Segment Start: Data
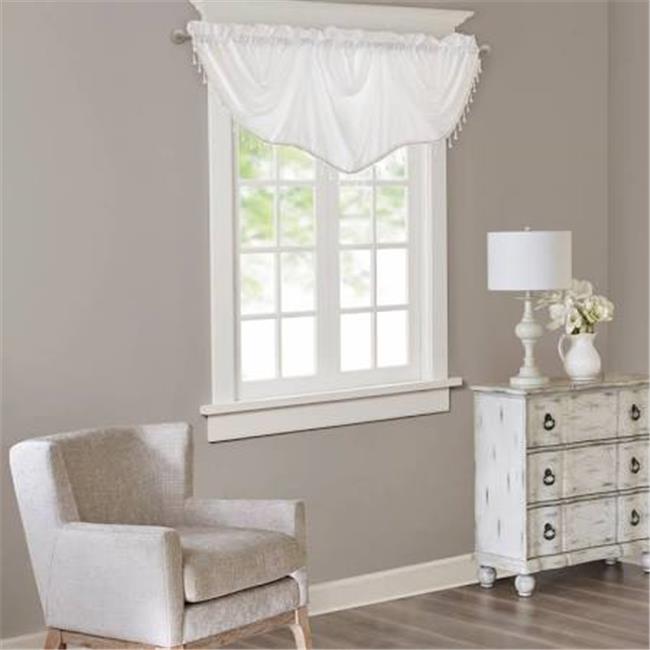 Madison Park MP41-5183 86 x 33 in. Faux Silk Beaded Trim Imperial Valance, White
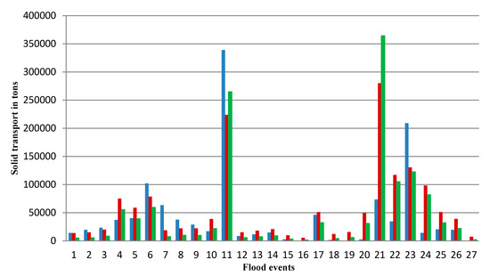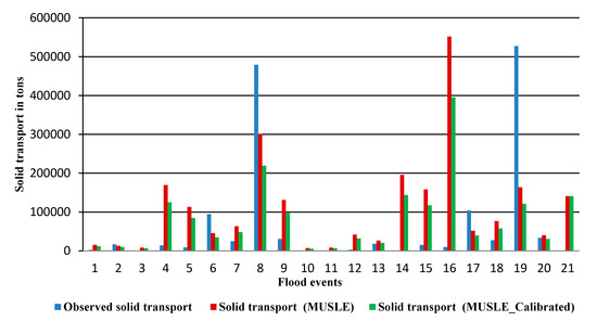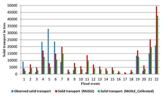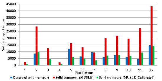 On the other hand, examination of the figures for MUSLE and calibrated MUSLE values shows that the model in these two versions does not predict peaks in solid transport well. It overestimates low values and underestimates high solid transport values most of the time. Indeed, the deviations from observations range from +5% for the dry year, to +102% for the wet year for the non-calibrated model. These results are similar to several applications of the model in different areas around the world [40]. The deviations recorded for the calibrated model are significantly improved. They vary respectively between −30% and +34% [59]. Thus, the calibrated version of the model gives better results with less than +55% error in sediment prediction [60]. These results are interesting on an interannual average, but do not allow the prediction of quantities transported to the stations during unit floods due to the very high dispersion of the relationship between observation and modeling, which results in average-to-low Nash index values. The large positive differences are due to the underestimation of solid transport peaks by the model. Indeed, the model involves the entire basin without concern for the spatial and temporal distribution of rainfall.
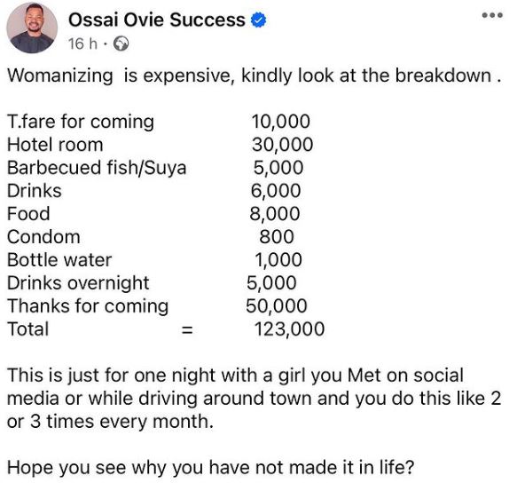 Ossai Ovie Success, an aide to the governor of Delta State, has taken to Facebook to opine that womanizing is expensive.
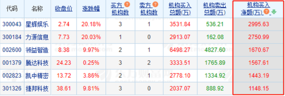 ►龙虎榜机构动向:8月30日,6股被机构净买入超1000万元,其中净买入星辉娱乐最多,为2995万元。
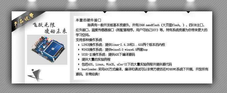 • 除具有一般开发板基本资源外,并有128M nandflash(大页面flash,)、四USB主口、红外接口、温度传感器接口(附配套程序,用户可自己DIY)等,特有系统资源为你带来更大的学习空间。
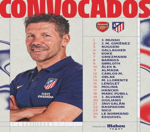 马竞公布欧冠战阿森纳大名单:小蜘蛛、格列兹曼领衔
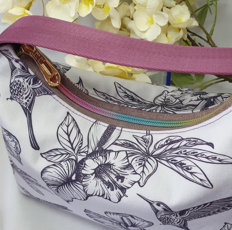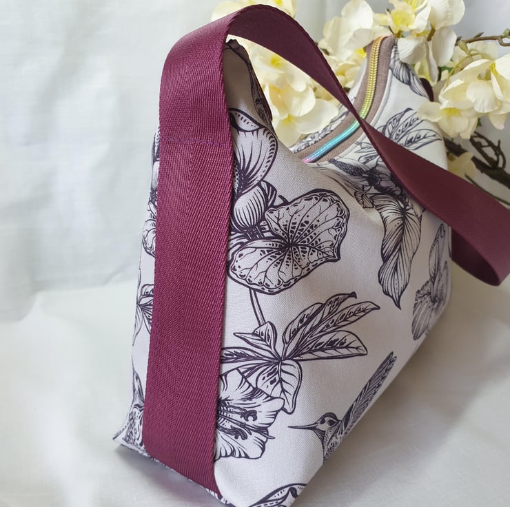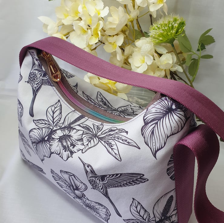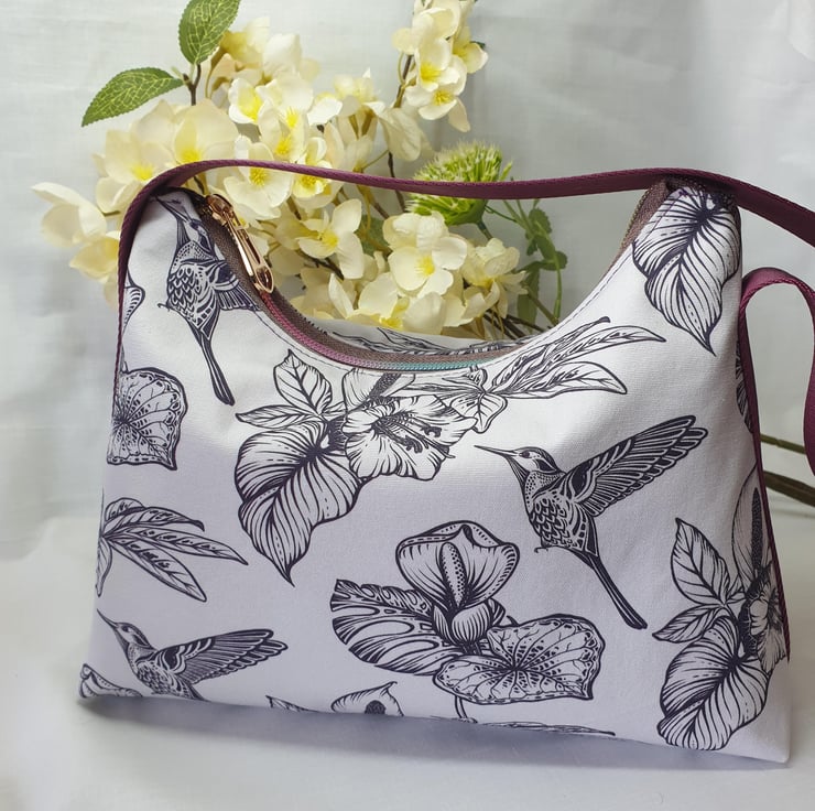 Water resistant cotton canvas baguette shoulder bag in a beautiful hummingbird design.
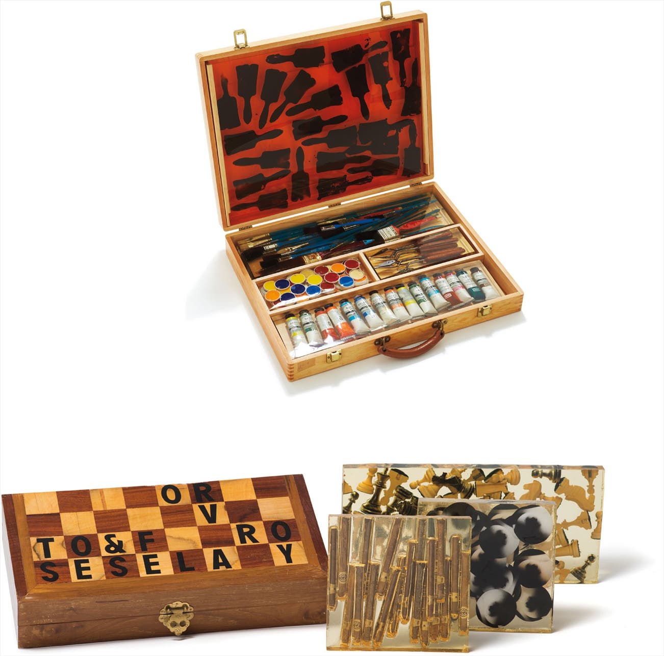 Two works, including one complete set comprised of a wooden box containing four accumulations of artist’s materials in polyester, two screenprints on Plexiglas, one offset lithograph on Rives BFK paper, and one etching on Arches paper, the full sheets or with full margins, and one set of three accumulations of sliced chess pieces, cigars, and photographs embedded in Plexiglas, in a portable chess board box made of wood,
Segment End: Data
Segment Start: Data
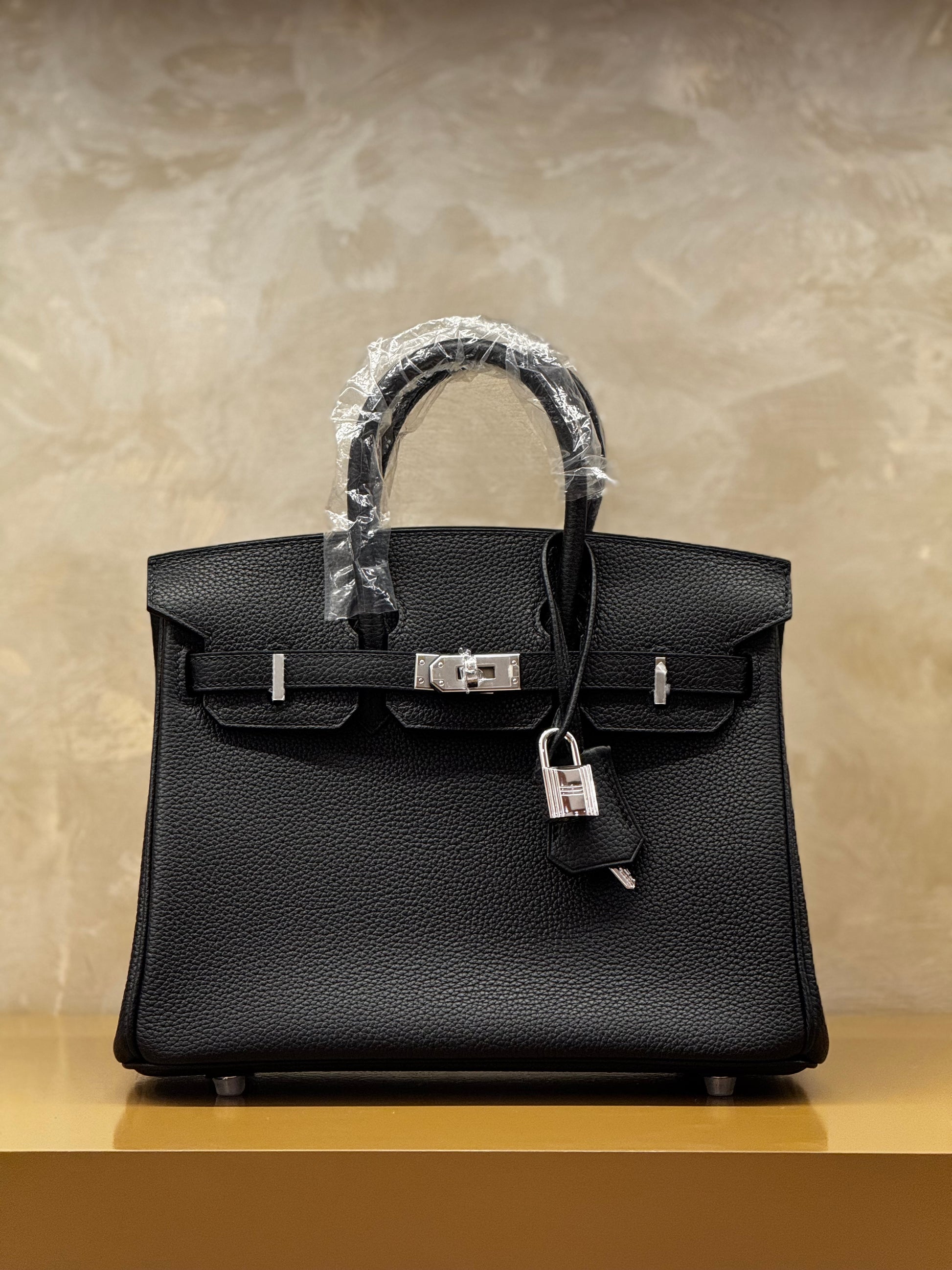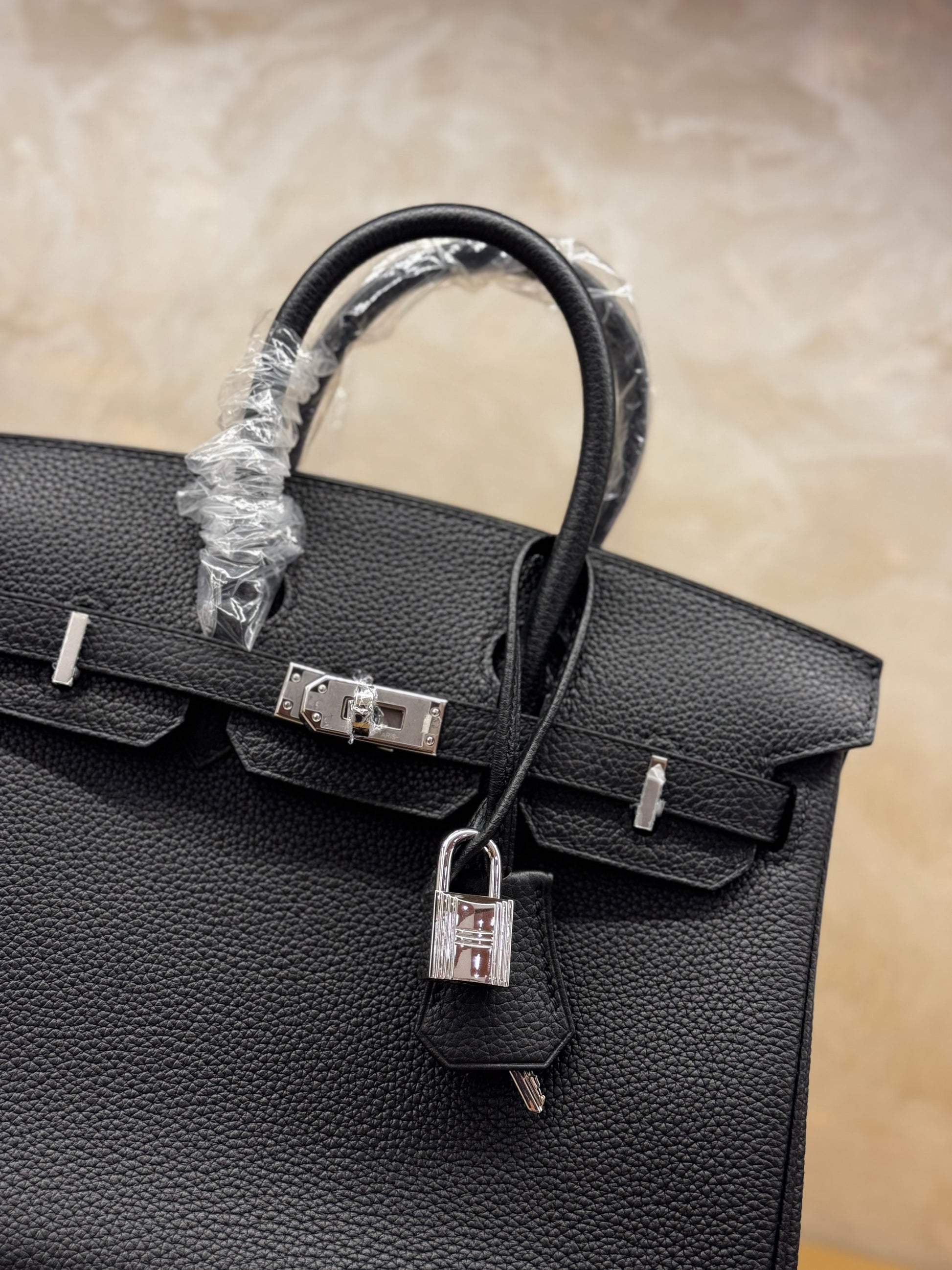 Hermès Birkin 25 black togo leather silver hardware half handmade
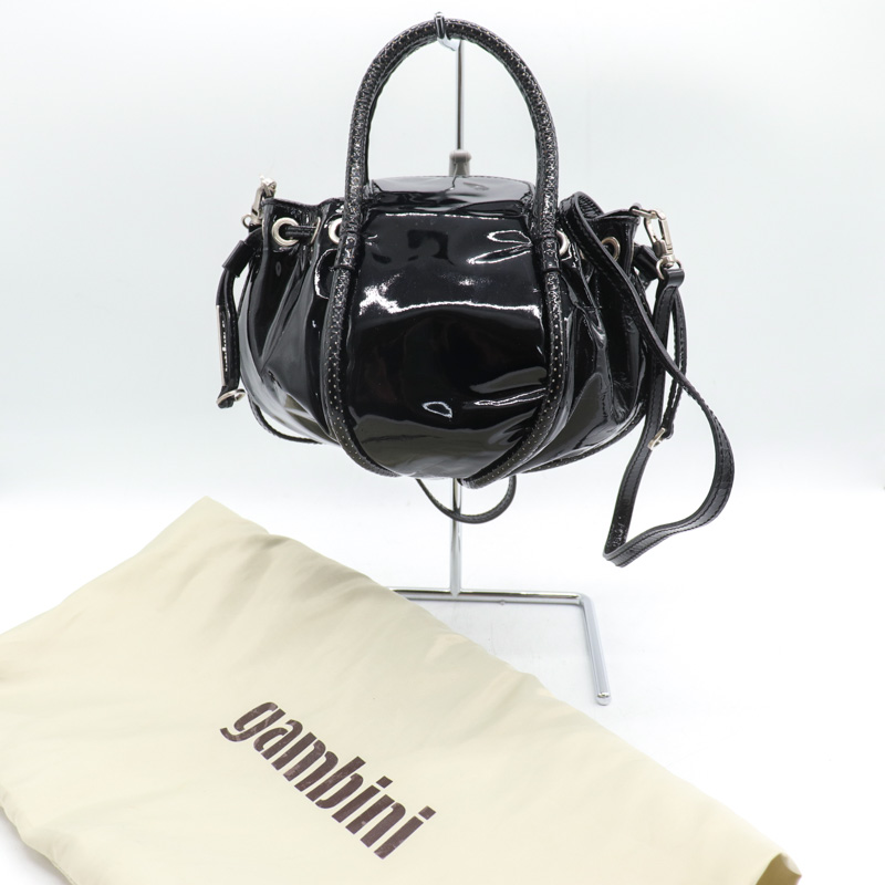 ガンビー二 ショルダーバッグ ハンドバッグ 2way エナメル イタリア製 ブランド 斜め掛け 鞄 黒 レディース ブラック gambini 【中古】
Segment End: Data
Segment Start: Data
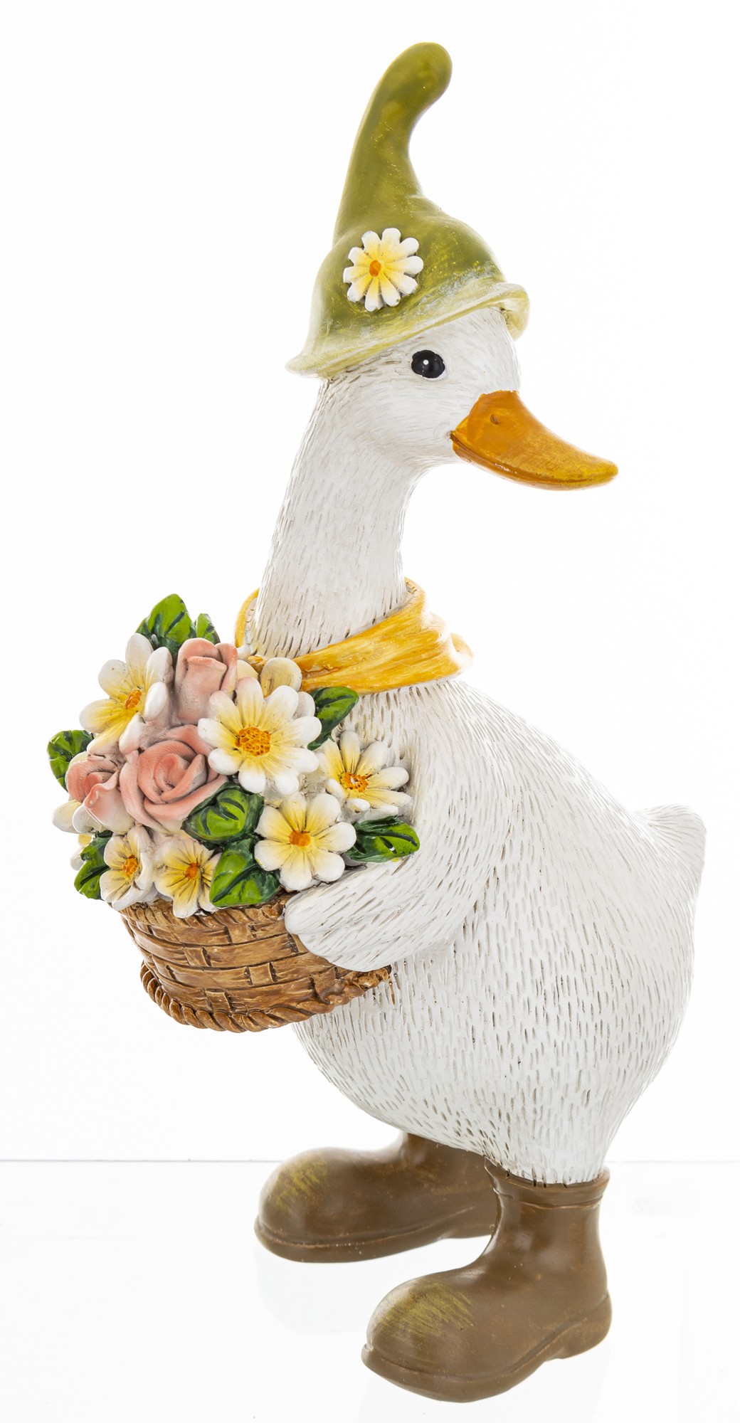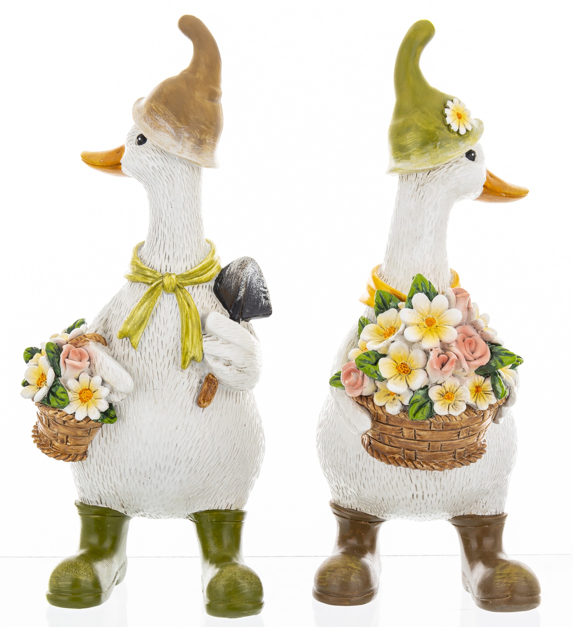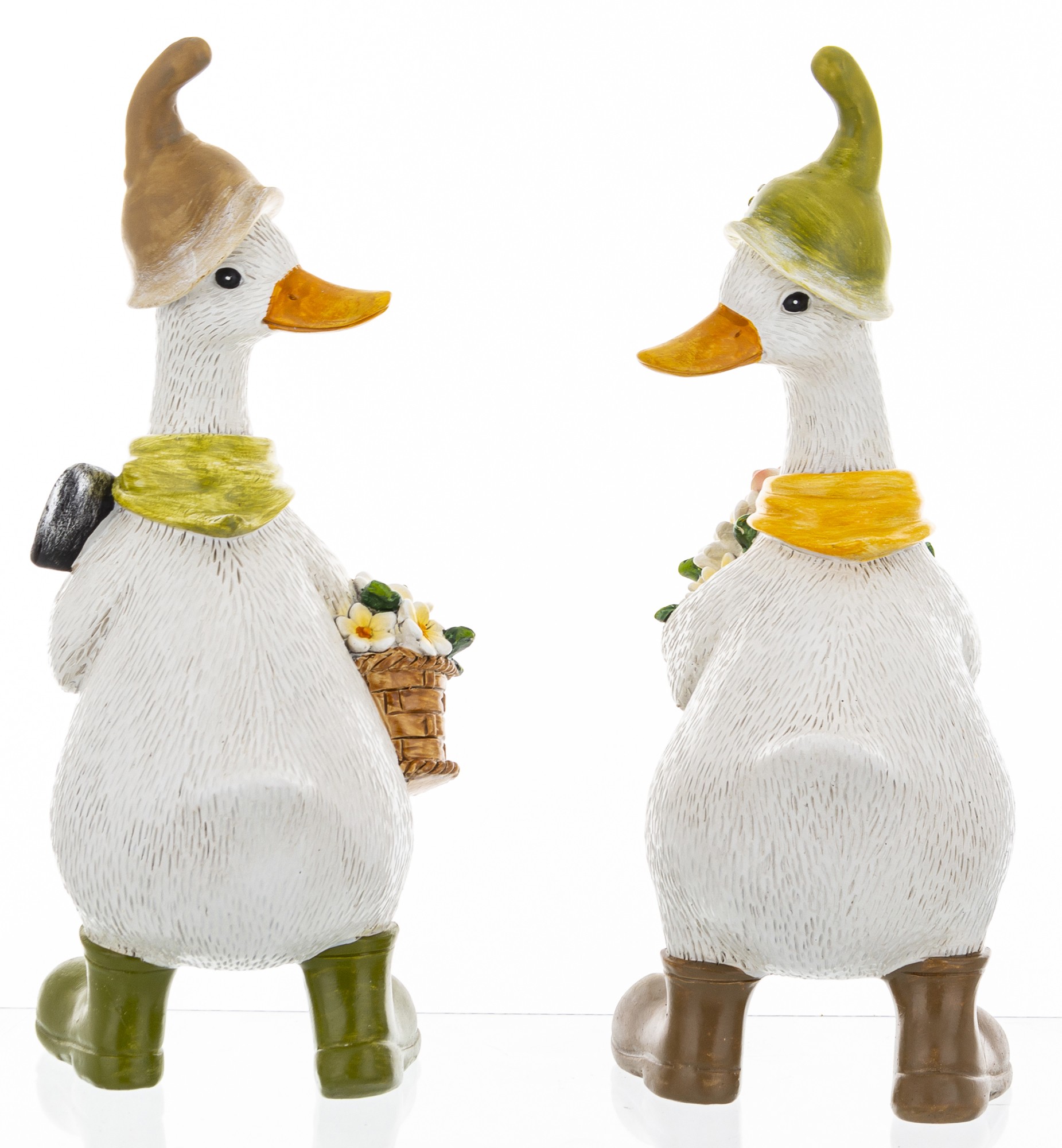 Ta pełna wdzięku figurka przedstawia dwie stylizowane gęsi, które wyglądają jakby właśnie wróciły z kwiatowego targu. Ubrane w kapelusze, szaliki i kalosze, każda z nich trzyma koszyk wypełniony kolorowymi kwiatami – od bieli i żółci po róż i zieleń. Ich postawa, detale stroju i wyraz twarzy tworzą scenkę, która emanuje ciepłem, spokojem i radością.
Segment End: Data
**Exercise prompt**
From the listing above, restate verbatim the lines running from the one with "Hermès Birkin 25" through the one with "ガンビー二 ショルダーバッグ ハンドバッグ", inclusive, but not the pictures.

**Reply to the task**
 Hermès Birkin 25 black togo leather silver hardware half handmade
 ガンビー二 ショルダーバッグ ハンドバッグ 2way エナメル イタリア製 ブランド 斜め掛け 鞄 黒 レディース ブラック gambini 【中古】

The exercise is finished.